▸ What is being asked
The listing below should be printed exactly, every line of it. Skip the pictures.

▸ Exercise data

● ● ● ● ●

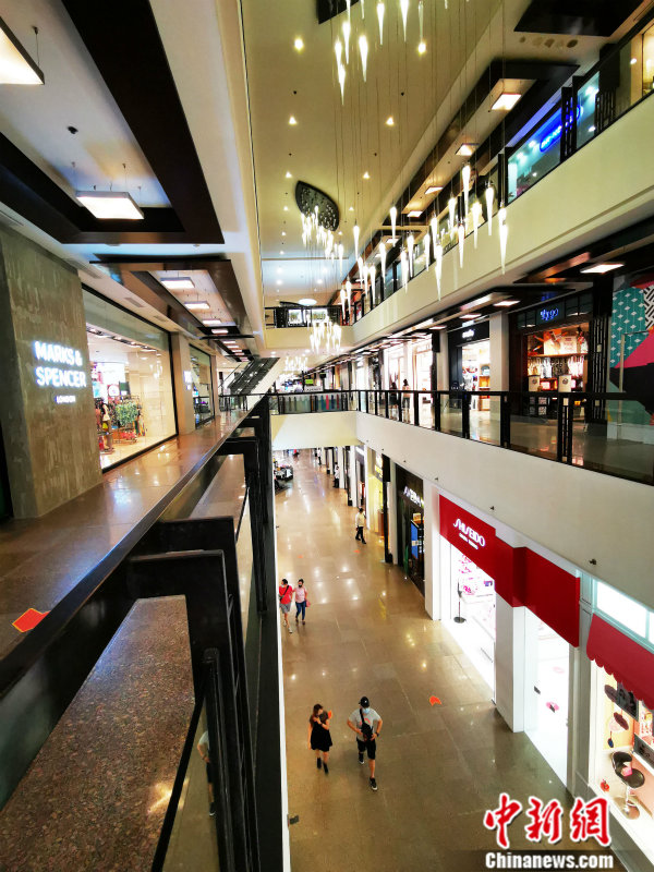 在菲律宾鼎级商场GREENBELT5,尽管顾客不多,但各大连锁品牌店依然开张。中新社记者 关向东摄
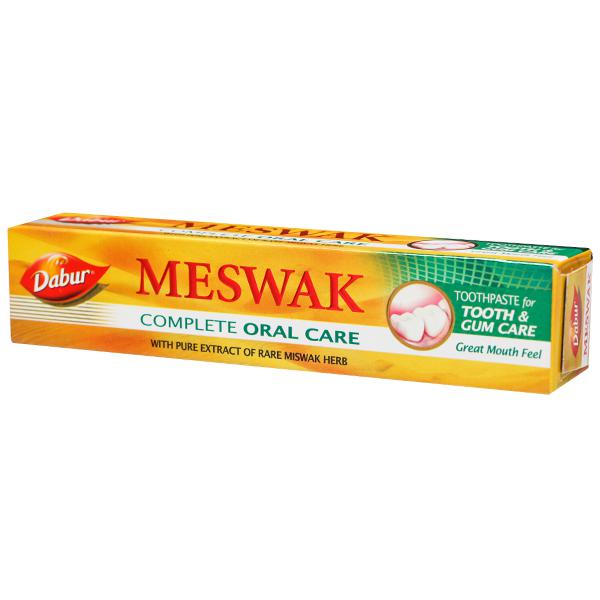 Product Information - Miswak Herb is a rare, potent, priceless, wonder herb that delivers incredible Oral Care benefits. It grows slowly resisting the brutal forces of nature amongst the sand dunes of Africa and South Asia. Dabur brings this wonder herb in the form of 'Meswak' toothpaste . It is scientifically proven to reduce tarter & plaque, fights germs & bacteria to keep gums healthy, helps prevent tooth decay, eliminates bad breath and ensures strong teeth. In short, Dabur Meswak provides Complete Oral Care. Meswak is a scientifically formulated herbal toothpaste with pure extract of the Miswak plant. The astringent and anti-bacterial properties of Meswak help reduce tooth decay, fight plaque and prevent gum diseases.
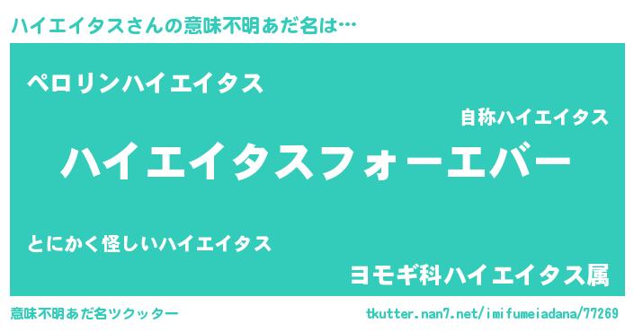 | 恥ずかしいあだ名 | 『ハイっちょ』『プリティーハイエイタス』 |
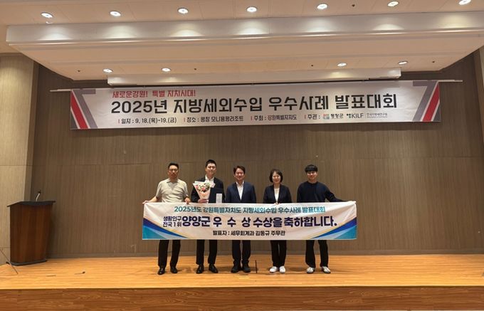 (포탈뉴스통신) 양양군은 지난 9월 19일 강원도 평창 모나 용평리조트에서 열린 ‘2025 지방세외수입 우수사례 발표대회’에서 신규수입원발굴 부문 우수상을 수상했다.

● ● ● ● ●

▸ Task output
 在菲律宾鼎级商场GREENBELT5,尽管顾客不多,但各大连锁品牌店依然开张。中新社记者 关向东摄
 Product Information - Miswak Herb is a rare, potent, priceless, wonder herb that delivers incredible Oral Care benefits. It grows slowly resisting the brutal forces of nature amongst the sand dunes of Africa and South Asia. Dabur brings this wonder herb in the form of 'Meswak' toothpaste . It is scientifically proven to reduce tarter & plaque, fights germs & bacteria to keep gums healthy, helps prevent tooth decay, eliminates bad breath and ensures strong teeth. In short, Dabur Meswak provides Complete Oral Care. Meswak is a scientifically formulated herbal toothpaste with pure extract of the Miswak plant. The astringent and anti-bacterial properties of Meswak help reduce tooth decay, fight plaque and prevent gum diseases.
 | 恥ずかしいあだ名 | 『ハイっちょ』『プリティーハイエイタス』 |
 (포탈뉴스통신) 양양군은 지난 9월 19일 강원도 평창 모나 용평리조트에서 열린 ‘2025 지방세외수입 우수사례 발표대회’에서 신규수입원발굴 부문 우수상을 수상했다.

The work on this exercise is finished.